ARGUED APRIL 10, 1961.
DECIDED MAY 9, 1961.
Petition for declaratory judgment. Tift Superior Court. Before Judge Gray.
Bloch, Hall, Groover Hawkins, Steve F. Mitchell, for plaintiff in error.
Eugene Cook, Attorney-General, E. J. Summerour, Carter Goode, Assistant Attorneys-General, contra.
When this case was formerly here, it was held that the petition, as it then stood, did not state a cause of action for a declaratory judgment, and that the trial judge, for that reason, erred in not dismissing it on general demurrer. See State Highway Dept. v. Georgia So. Fla. Ry. Co., 216 Ga. 547 ( 117 S.E.2d 897). When the remittitur was sent down, and before it was made the judgment of the trial court, the plaintiff further amended both counts of its petition by alleging that it obtained and holds its right of way for use and expansion of its public facilities; that the defendant is occupying, trespassing on, and claiming title to a described portion of its right of way, and it cannot eject the defendant from it if the defendant needs it for highway uses; that the defendant's occupancy of the land involved would not be antagonistic to the plaintiff's expansion of its facilities thereon if title to it is decreed to be in the plaintiff, since facilities owned by the plaintiff and facilities owned by the defendant are frequently put to a joint-type use of each under contractual and easement arrangements between them; that a suit for injunction by the plaintiff would require it to put up a bond for several thousand dollars conditioned to hold the defendant harmless from damages suffered by it as a result thereof if title to such land should be decreed in the defendant, and the damages awarded could be and probably would be in excess of the fair market value of the land involved; that a suit for damages by the plaintiff against the defendant would be inadequate protection to it, since such an action would require it as a public utility to abandon its claim to the property involved and rely solely on damages for the expropriated property, and its abandonment of the property involved would preclude it from expanding its public services; and that an adjudication of its rights is necessary in order to relieve it from the risk of taking any future undirected action incident to its rights, which action without direction would jeopardize its interest, and, in the future, if the plaintiff should attempt to expand its facilities on land it claims to own, it would be faced with an injunction and/or a suit for damages and/or a loss of the costs it would incur by such an attempt to expand. The petition as thus amended was dismissed on general demurrer, and the plaintiff excepted to that judgment. Held:
On the former appearance of the instant case ( 216 Ga. 547), this court in holding that the petition as it then stood failed to state a cause of action for a declaratory judgment, followed and applied to its allegations the ruling in our full-bench decision in Pinkard v. Mendel, 216 Ga. 487 (2) ( 117 S.E.2d 336), that, where the plaintiff's petition shows that the rights of the parties have already accrued and no facts or circumstances are alleged which show that an adjudication of the plaintiff's rights is necessary in order to relieve him from the risk of taking any future undirected action incident to his rights, which action without direction would jeopardize his interest, the petition fails to state a cause of action for a declaratory judgment.
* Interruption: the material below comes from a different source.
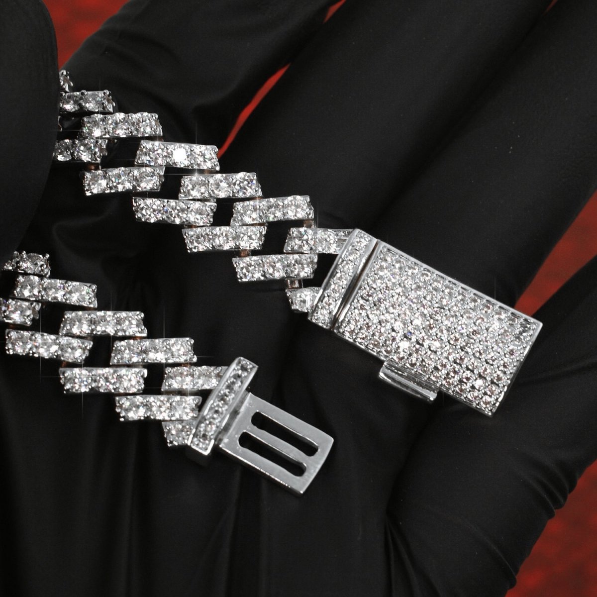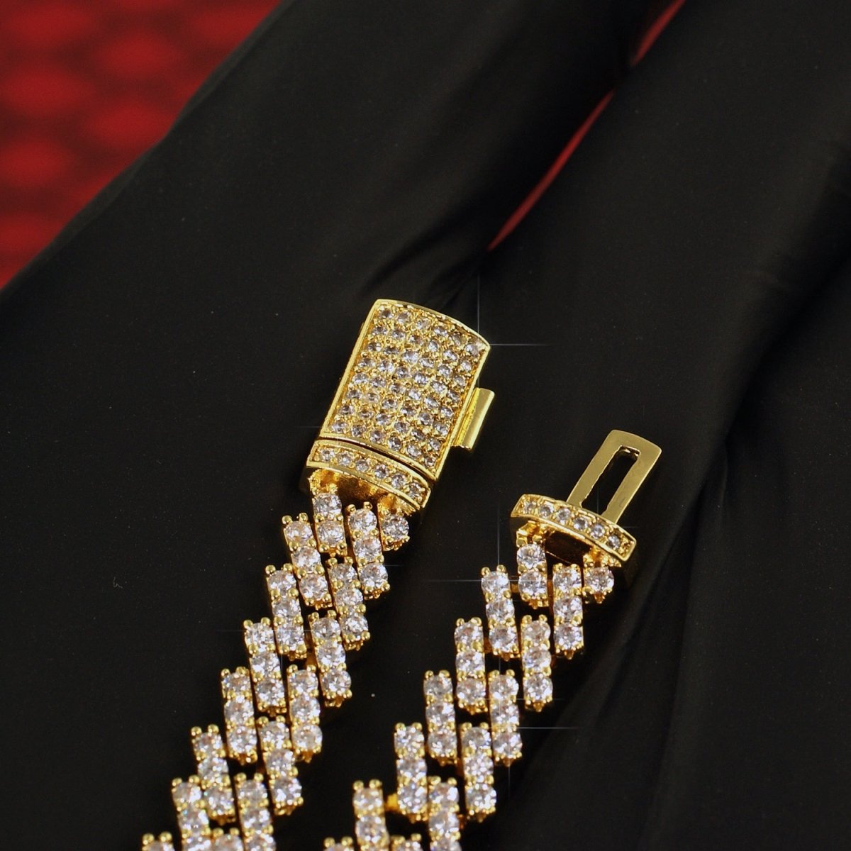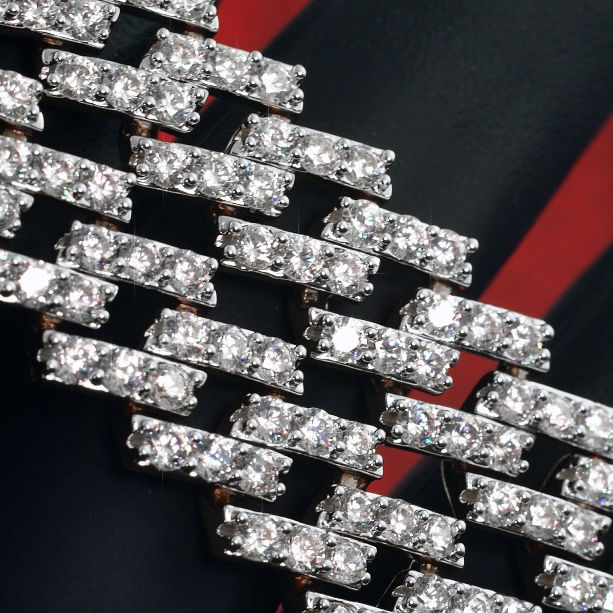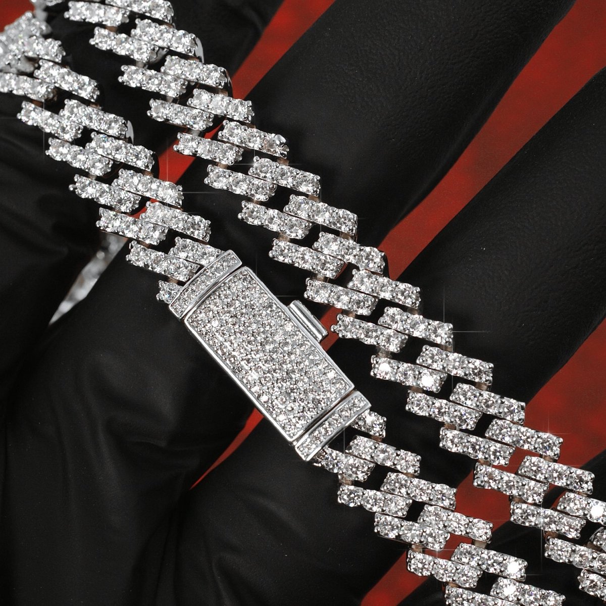 These chains are made with the highest grade simulated diamonds with the same cut and polish techniques used on natural diamonds. The chain is hand made by our master jewelers just like a solid gold chain. The large box clasp is easy to use and secure. This chain can be ordered in solid gold starting at $6000 and up. Please contact us for inquiries.

A like unanimous holding was also made in Sumner v. Davis, 211 Ga. 702 ( 88 S.E.2d 392), where several prior decisions of this court were cited and relied on as authority for the ruling there made. In the Pinkard and Sumner cases, the petitions, like the one in this case, show that the parties' rights had already accrued before the proceeding for declaratory relief was instituted. In this court's prior decision of the instant case, it was pointed out in the opinion that the petition alleged with certainty and definiteness that the plaintiff was the owner of the land which the defendant has allegedly appropriated for highway uses, and it was there held that the plaintiff railroad had only to assert by appropriate action its rights of ownership, at which time any question of title could be determined. And since the petition has not been materially changed by the amendment made thereto since we previously considered it, and since it still fails to state a cause of action for a declaratory judgment, it necessarily follows that the trial judge did not err, as contended, in dismissing it, as thus amended, on general demurrer.
Judgment affirmed. All the Justices concur, except Grice, J., not participating.